It Began with Babbage Read online

Page 15


  Third, the ABC was designed to solve simultaneous linear equations by the widely used method of Gaussian elimination. For this purpose, the coefficients in the equations were read from punched cards onto the drums. By a succession of binary additions, subtractions, and shifting binary numbers right or left, the computation would be performed.

  Fourth, the computation units consisted of 30 add–subtract units that took numbers from the storage drums and performed the adds or subtracts in parallel. Circuits were also available for shifting binary numbers. There were no separate circuits for multiplication or division.

  Fifth, internally, the ABC was a binary machine. However, input data fed to the computer through punched cards were in decimal form, and so decimal-to-binary conversions were done before numbers were stored on the drums; conversely, binary-to-decimal conversions were performed before outputting results in decimal form. These outputs were displayed on dials.38

  Sixth, and last, intermediate results were stored in binary form on cards. For this purpose, Atanasoff recorded binary digits on the card with electric sparks that carbonized the card at those locations. These binary digits could then be read by applying a voltage to the card because a carbonized spot provided less resistance to the reading voltage than a spot that had not been carbonized.39

  When the ABC was completed, all components worked well except the electric spark mechanism, which would fail occasionally. Because of this, the ABC could solve small sets of equations correctly, but not large ones because the latter demanded very large numbers of binary digits to be both recorded as intermediate results and then read. It was because of this weakness that the ABC was almost (but only almost) fully operational. Atanasoff and Berry never resolved this problem. In fall 1942, they were both called into war research. Neither returned to Iowa State College after the war, and the ABC was eventually dismantled.40 Yet, as would be acknowledged later, in designing and building the ABC, Atanasoff and Berry demonstrated the viability of electronic switching circuits across a range of units desirable in a computer—to perform arithmetic operations, base conversions, and control functions.

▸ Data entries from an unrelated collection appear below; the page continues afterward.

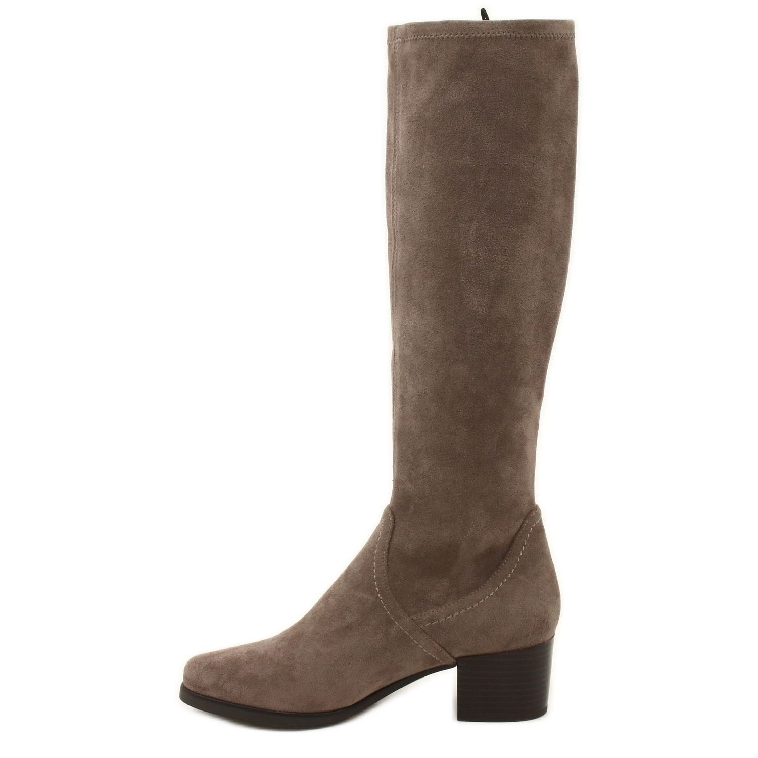 Elegáns, hosszú térdcsizmák, amelyek egyesítik a klasszikus vágást a vigasztalással. Vastagabb, textil velúr anyagból készült anyagból készült, amely szépen adaptálódik a borjúhoz, hangsúlyozva az ábrát. Tökéletes minden nap és elegánsabb stilizációkhoz.
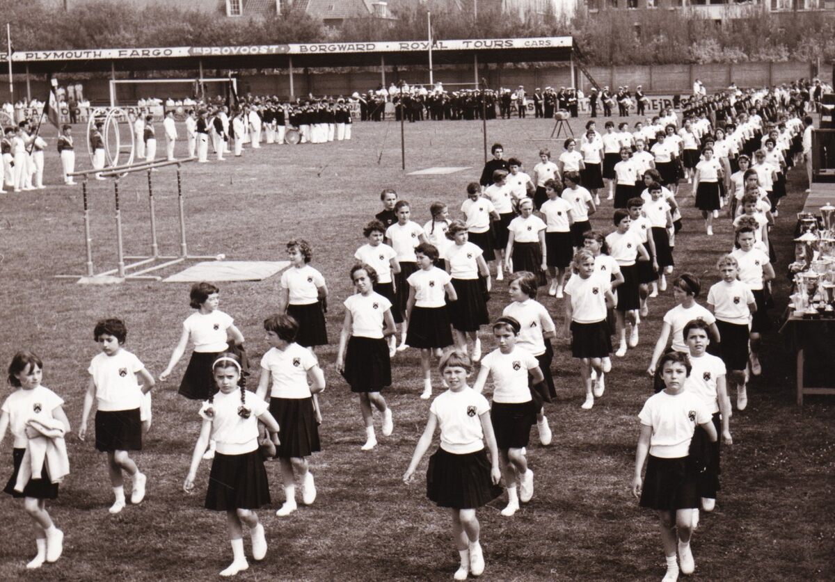 De meisjes van een turnvereniging tijdens een turnfeest op een voetbalveld (A.S.O.?).
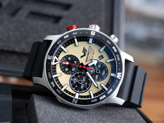 44 milliméter átmérőjű a tok és a buborék szerű magas kristálynak hála 19 milliméter magas, ami még mindig egy gofri vastagságával vékonyabb, mint a Rolex Deepsea Challenge. Itt van is mit nézni, hiszen olyan, mintha egy mechanikus akvárium lenne a csuklónkon, amiben óránként 18.000-szer ficánkolnak a „halak” egyenként. Magyarul, 2,5 Hz-en dolgozik a werk. Az alacsonyabb frekvencia által csökkent pontosságot visszahozza a különleges gátszerkezet. Legalábbis elméleti szinten ez a dupla billegő értelme, de gyakorlatilag senkit sem izgat mennyire pontos ez az óraipari alkotás.

  Here was a science of the artificial in action (see Prologue, Section VI): a design for a particular computer representing a theory of the machine, the purpose of which was the solution of linear algebraic equations; a theory that embedded the logical organization of the computer (its architecture) and the physical characteristics of its parts; and an implementation that afforded the crucial experiment to test whether a computer built according to the design would serve its intended purpose. The design constituted a theory of an individual machine (see Prologue, Section VI). The implementation constituted an experiment about such a singular theory, and the implementation revealed not only the broad validity of the designas-theory, but also where the theory–experiment ensemble failed—in the fact that the machine was limited to small systems of equations. The next logical step would be either to modify the design or the implementation to eliminate the error. But, as noted, this never happened because of the exigencies of war.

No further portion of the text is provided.